I woke up this morning--for the second time, having had the joy of being awake from about 0230-0500--and came to one of those points where I have a clear choice. I can either keep hiding under my blankets and wait for it all to go away, or I can kick my ass out of gear, stand up, and take command of my life again. I locate the sphere of myself, draw the circle, and simultaneously limit and accept what I'm responsible for. This doesn't make everything okay, it doesn't hash things out with the nice girl who's justifiably irritated with me for the four or five days I was avoiding dealing with whatever lay between us (which was, I think, itself pretty irritating, regardless of how much or how little control I had over it). But I can stand up and smile and not apologize constantly, and work through it as myself.

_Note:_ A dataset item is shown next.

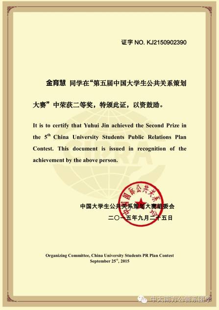 2013年度“五四”评优中,获得中山大学南方学院“优秀共青团员”;

And this is just a choice, like deciding to climb a mountain or just get off the couch to go do stuff. It just takes some time for that particular choice to become deeply apparent to me. Some of us would have been happier if I'd seen my way to that choice on, say, last Wednesday. But that's not what happened, and here we are.
In other news, I bought new hardware, finally, for the first time since 1998. Well, mostly-new. Modern. My first new-to-me machine since, um, 2001, I think, right before I got laid off, when I thought I'd have to give back the laptop from that job. (They asked for it back twice, I was set to give it back and said sure, if they could meet me in the East Bay someplace I'd get it to them. No response, but screw them: nobody who lies to me like they did gets me to haul my ass into San Francisco to make their lives easier.) I am stunned by how unsanely cheap computers are: this an AMD Athlon 2.2GHz, 260MB RAM, 160gig hard drive, DVD/CD reader/writer, relatively nice graphics card, and Firewire card, on a nice motherboard with onboard sound and 4 USB ports, in a good case, for $350. It's crazy. I remember when 6 megabyte hard drive cost many thousands of dollars. What the hell.
I have an active job lead...it's in San Francisco, so I'm being cautious, but we'll see what happens. I got another lead on a job about 2 miles from the house. w00t!